Provação significa que a vida está me provando.
Mas provação significa também que estou
provando. E provar pode se transformar numa sede
cada vez mais insaciável.”
Nunca havia parado para pensar que também
estamos provando da vida, e isso também tem a
ver com as provas a que Kardec se refere. E ao
pensar a respeito, um amplo leque de indagações
se abre.
Quando criança, lia muitas histórias em
quadrinhos, os populares gibis. Em um deles, um
personagem era protagonista de uma campanha
publicitária que dizia “Torta de quiabo: não
provei e não gostei”. Quando o público viu o
“outdoor” com tal frase, ficou indignado e saiu
para comprar as tortas de quiabo, que viraram um
sucesso de vendas. Quantas vezes somos levados a
provar quitutes ou situações que pensávamos ser
ruins e descobrimos, após a prova, que estávamos
enganados e que já podíamos estar usufruindo de
algo prazeroso ou gratificante há mais tempo? Ao
mesmo tempo, quantas coisas viciantes provamos e
que acabam por nos levar a caminhos tortuosos e
doloridos? As drogas lícitas e ilícitas que o
digam! É a “sede insaciável”, à qual se refere
Cecília Meireles.
Só que esta sede também pode se referir à sede
de democracia, justiça social, conhecimento,
respeito e outros tantos itens que fazem uma
falta danada para boa parte da população, que
quer provar disso tudo e não tem chance. Motivo:
uma minoria, que provou e se embriagou de
ganância, soberba, poder, velhacaria e
congêneres, concentra as riquezas e os
privilégios nas próprias mãos.

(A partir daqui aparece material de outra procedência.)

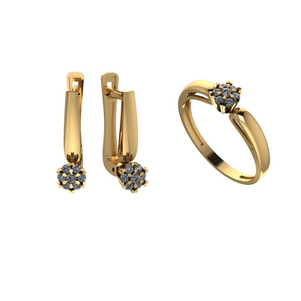 Сдержанный дуэт: серьги и кольцо с небольшой верхушкой и прозрачными камнями, минимум лишних деталей, чистое сияние и ровные линии металла хорошо сочетаются с базовой одеждой.
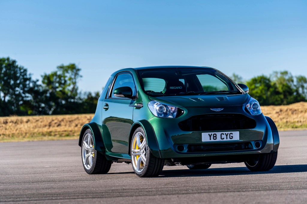 While it looks like a Toyota iQ in most appearance, the V8 Cygnet has a lot of components borrowed from the more popular Aston Martin Vantage S, including the transmission and engine, suspension, brakes, and even the wheels. It has a traditional Aston Martin grille that makes it stand out, too.
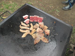 塾の誰かさんが、「何としても一度野生肉を食してみたいものだ」との声に堪えて所望したところ、では「一番の上物をもっていくよ」と言ってくれてた通りで「病みつきになりそう」と云う声が聞こえるほどに、今迄吾輩が食べてきた猪の中でも一番なくらいな絶賛もののイノシシ肉でした。
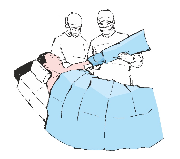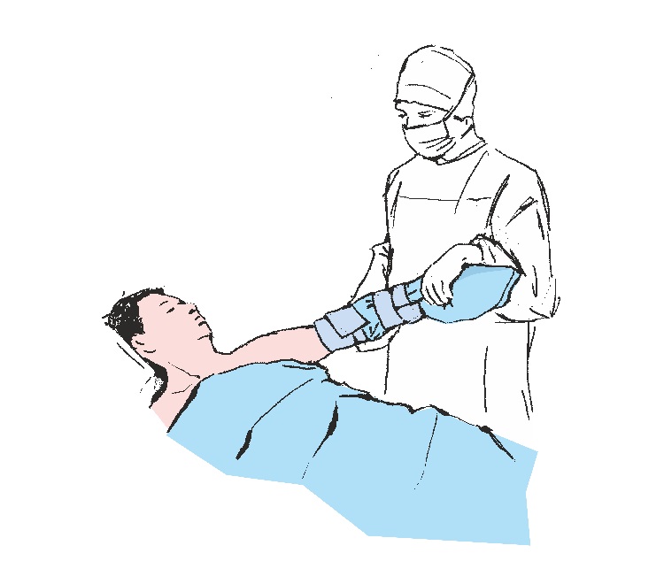 Slide the cover on the patient's upper limb at a height below the shoulder joint.
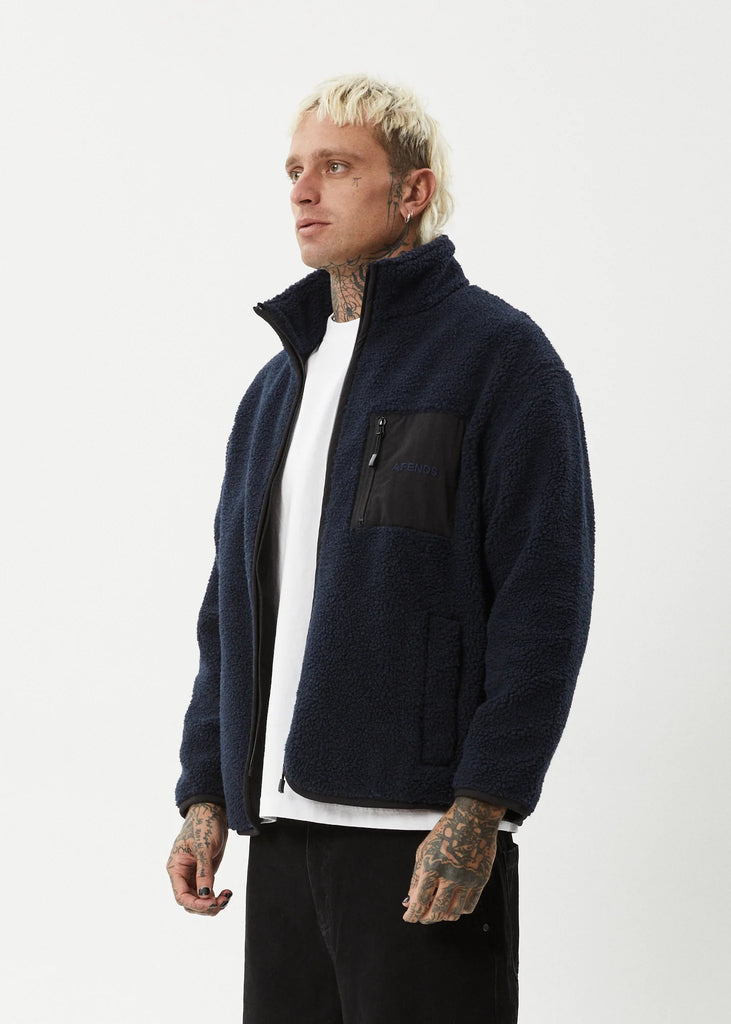 Afends Polarize Recycled Fleece Zip Up Jacket - Navy WAS $210 NOW
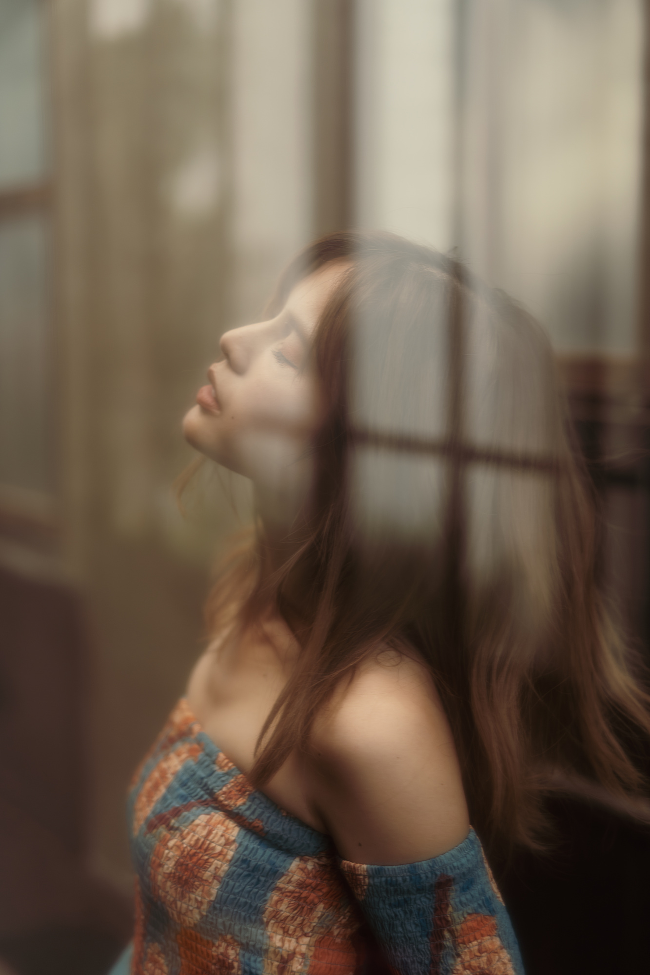 I commissioned the model for this work in a Japanese studio. It was shot on a white bed with no particular features. The white part draped diagonally over the model's head is a veil from the bed. I emphasize post-processing to complete the image, and this work is one of those pieces.
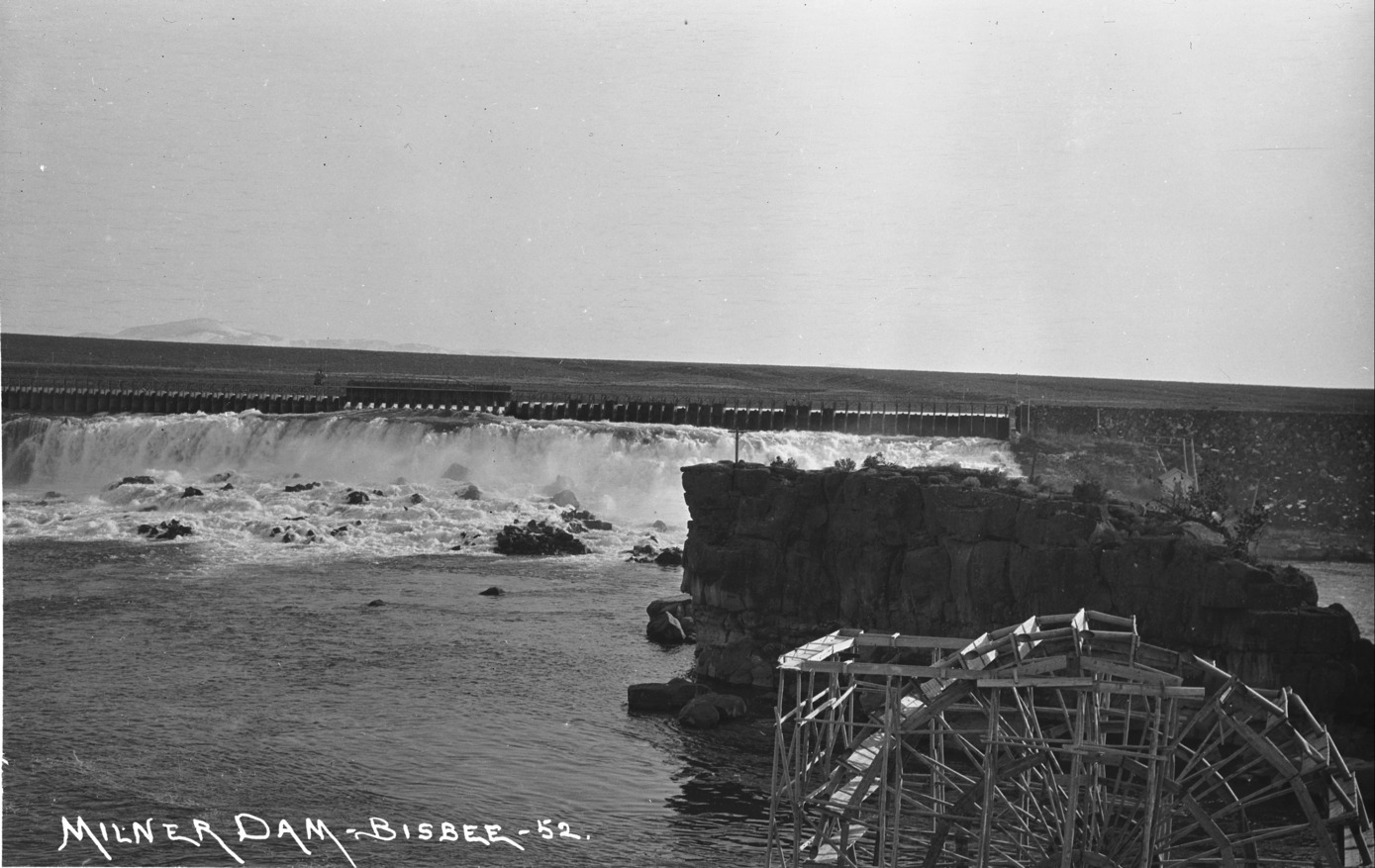 - "Milner Dam;" head gates; wooden water wheel in foreground.
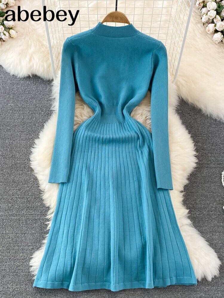 固体セクシーなニット ドレス長袖スリム A ライン パーティー ボディコン セーター ミディ ドレス ロング Aライン ソリッドカラー Abe49532639652
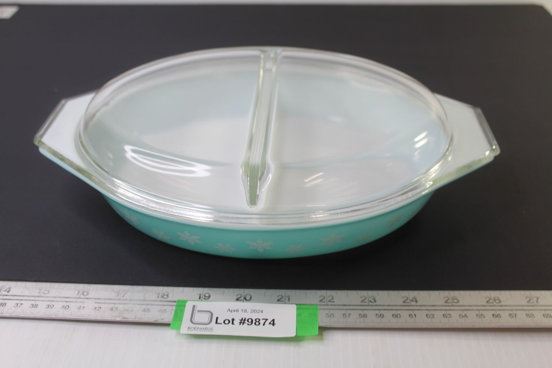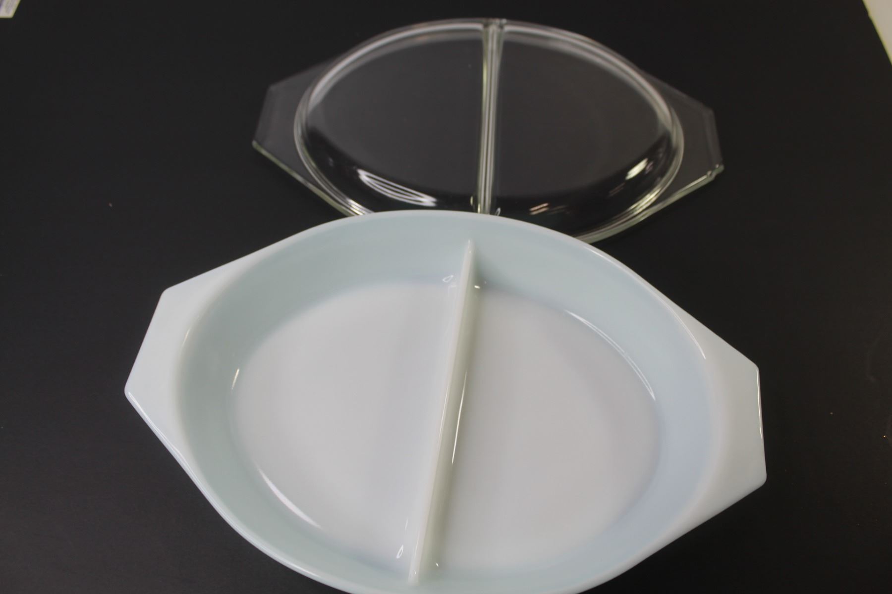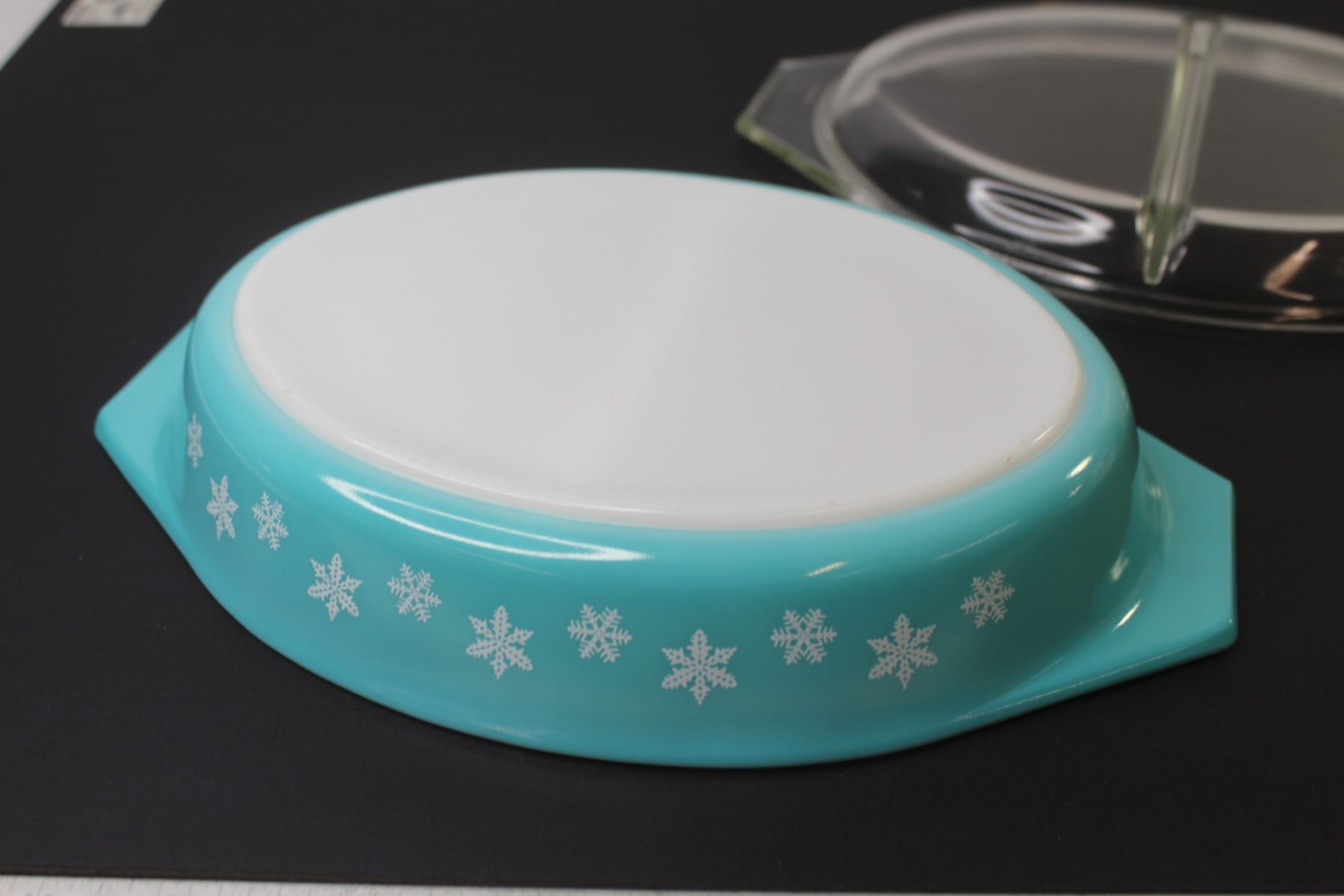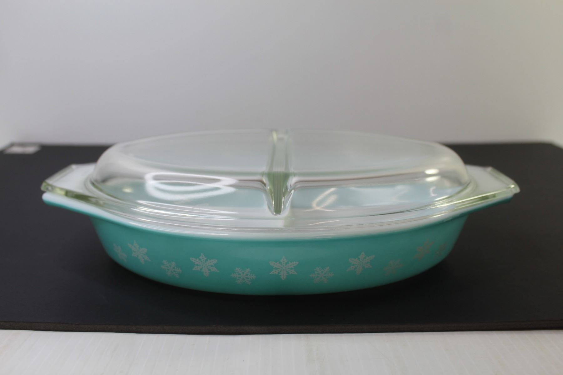 Vintage Pyrex Divided Dish (1.5 quart) - Chip on Lid - Snow Flake Pattern

Resultado: muita
gente fica sem ter a possibilidade de provar o
que é se valer da matéria para evoluir de forma
digna. Por isso, muitas vezes, provam da
revolta, da amargura, da criminalidade, da
miséria e temos a injusta realidade social que
tanto nos infelicita. Aí, os que provaram das
facilidades materiais e não quiseram dividir a
experiência verão essa prova se transformar em
expiação, cedo ou tarde. Notaram que, nesses
casos, nem opressores e oprimidos estão provando
de uma vida em plenitude? Os primeiros, por
falta de acesso; os segundos porque o orgulho os
transformou em seres desprovidos de empatia.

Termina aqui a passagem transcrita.